Did you try the galore 8bit variants?
I used the 8bit optimiser as seen above. Hermes 7b takes a shocking 36gb or so at seqlen 1200. And in theory - Yi is supposed to fit on a H100 with Galore - but it will OOM. How can the above yml be optimised further?
@m626zNq @winglian I think I found the problem. In the axolotl Readme, I note that there are a number of layerwise optimisers:
# - galore_adamw_layerwise
# - galore_adamw_8bit_layerwise
# - galore_adafactor_layerwise
According to a remark I saw in the original HF PR - these layerwise optimisers are essential to achieve much higher memory savings - but they come with limitations like perhaps not being able to work with multi-GPUs (see https://github.com/huggingface/transformers/pull/29588 and original galore github).
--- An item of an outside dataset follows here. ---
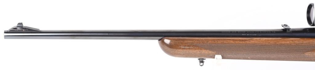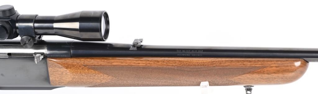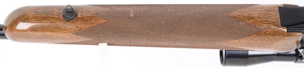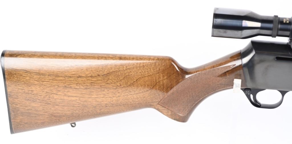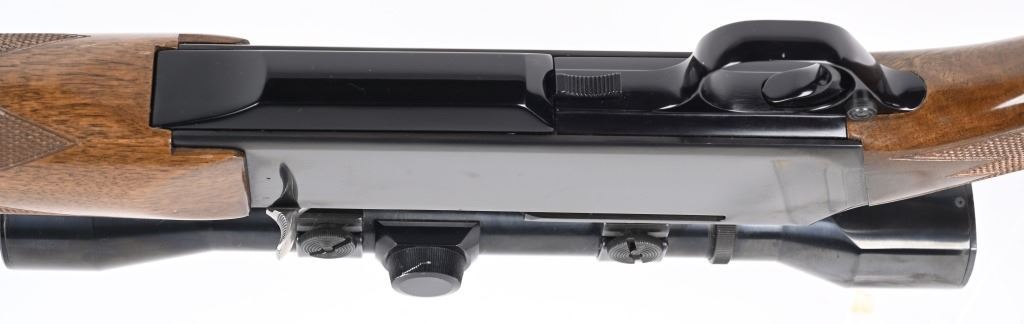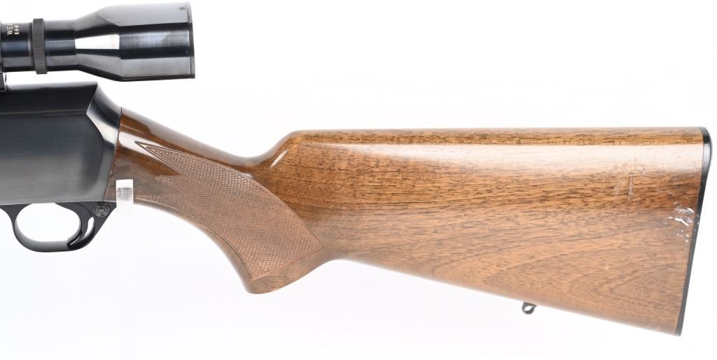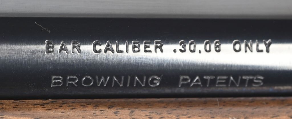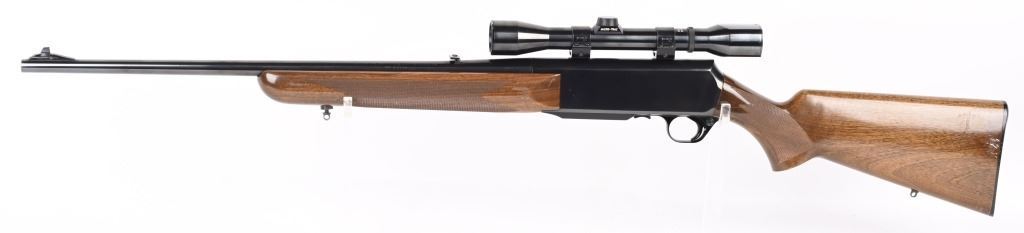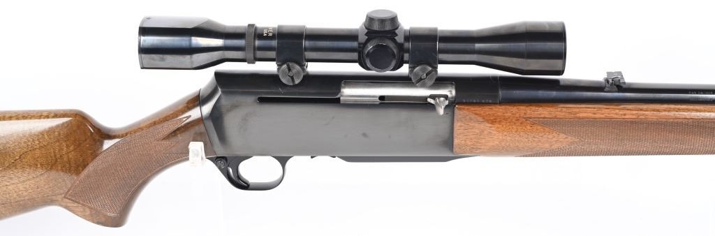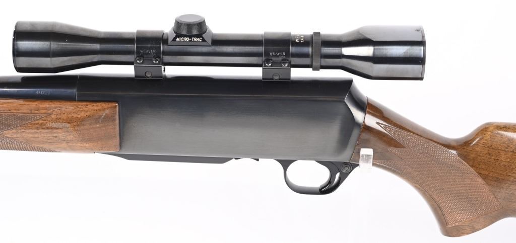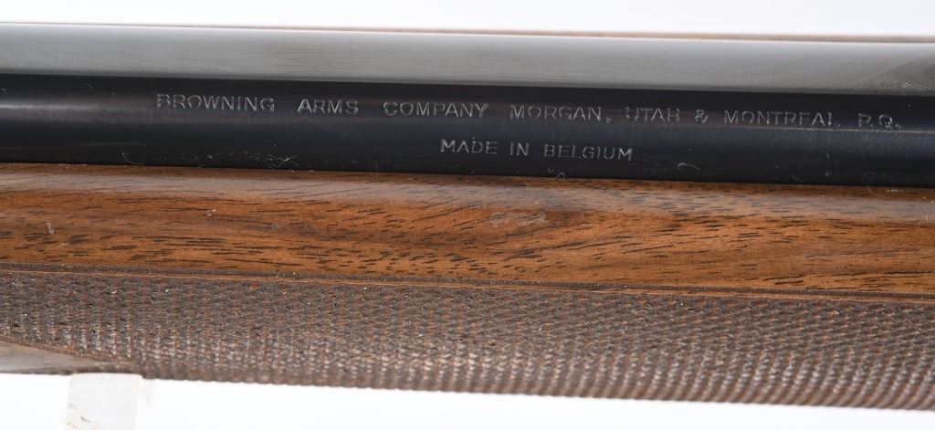 SERIAL NUMBER: 31781M74. BARREL: 22". CALIBER: .30-06. MANUFACTURED: 1974. Made in Belgium. Fold down box magazine. Ramped blade front sight and flip up u-notch rear. Factory blued finish on the metal components. Lacquered wood furniture, with fine checkering on the wrist and forearm. Original plastic butt plate. Includes attached Weaver K4W scope. CONDITION: Metal is excellent overall, with general scratches and handling marks. Wood has minor scrapes, scratches and dents. Bore is shiny with crisp rifling. Mechanically fine. Scope is excellent. MODERN

In any case when I used galore_adamw_8bit_layerwise I can train Hermes-M 7B in 20gb with batch size of 2800 tokens. So @m626zNq can try and probably close this "bug".
But I do find the loss seems to fall much slower (if at all) for layerwise opt compared to the normal galore op. Guess things are quite unstable still.
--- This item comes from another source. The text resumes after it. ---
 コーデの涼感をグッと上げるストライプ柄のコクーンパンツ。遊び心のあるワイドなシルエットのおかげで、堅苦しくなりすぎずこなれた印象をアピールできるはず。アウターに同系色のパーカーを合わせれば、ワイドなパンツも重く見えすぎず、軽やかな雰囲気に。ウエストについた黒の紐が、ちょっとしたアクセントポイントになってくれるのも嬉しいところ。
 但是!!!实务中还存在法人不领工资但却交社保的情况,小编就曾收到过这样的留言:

@jaredquekjz the 24GB from the paper is for a 7B parameter model. You're using yi-34B. That's still going to require much more VRAM, probably at least an 80GB A100 to full finetune with Galore.
@m626zNq set flash_attention: true
, without flash attention it's going to OOM almost every time no matter what.
@winglian - thanks for input. I used both the Yi and the Hermes-Mistral 7B for trial. For both - we need the layer wise optimiser for the memory savings to be maximum (20gb for Hermes as reported). But as shared - the layerwise opt may not be fully working stably yet (no grad norm and no loss decrease) - at least when I last trialed. Yi can load in one H100 with layerwise but v slow..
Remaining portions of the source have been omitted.